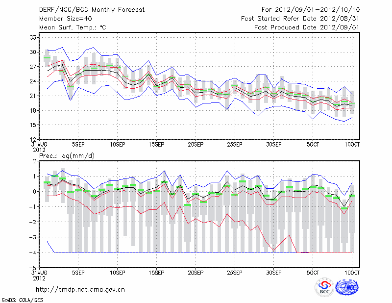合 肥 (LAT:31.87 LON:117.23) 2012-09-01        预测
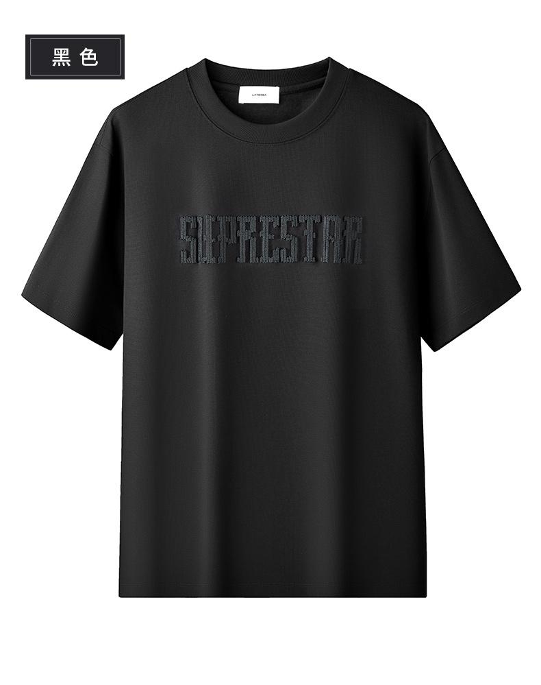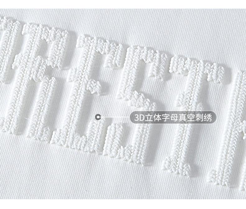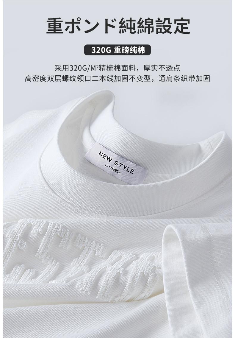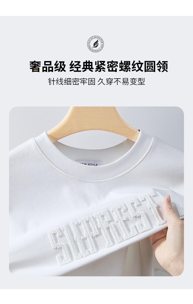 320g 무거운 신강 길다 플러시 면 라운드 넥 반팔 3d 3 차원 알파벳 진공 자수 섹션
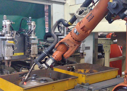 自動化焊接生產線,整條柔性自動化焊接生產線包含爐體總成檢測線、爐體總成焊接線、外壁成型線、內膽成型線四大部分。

※ ※ ※

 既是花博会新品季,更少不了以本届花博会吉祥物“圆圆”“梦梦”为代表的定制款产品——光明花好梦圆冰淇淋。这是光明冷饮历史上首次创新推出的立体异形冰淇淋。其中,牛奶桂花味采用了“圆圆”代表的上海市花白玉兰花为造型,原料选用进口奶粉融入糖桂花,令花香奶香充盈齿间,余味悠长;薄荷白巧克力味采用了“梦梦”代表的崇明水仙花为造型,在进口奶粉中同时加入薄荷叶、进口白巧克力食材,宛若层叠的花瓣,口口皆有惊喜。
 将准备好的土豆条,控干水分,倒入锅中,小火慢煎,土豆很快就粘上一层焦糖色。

※ ※ ※

> [WHAT THIS TASK INVOLVES] What you write out is the stretch of entries from the line containing "320g 무거운 신강" to the line containing "自動化焊接生產線,整條柔性自", word for word, with both end lines and no pictures.

> [SOLUTION FOR THIS TASK]
 320g 무거운 신강 길다 플러시 면 라운드 넥 반팔 3d 3 차원 알파벳 진공 자수 섹션
 自動化焊接生產線,整條柔性自動化焊接生產線包含爐體總成檢測線、爐體總成焊接線、外壁成型線、內膽成型線四大部分。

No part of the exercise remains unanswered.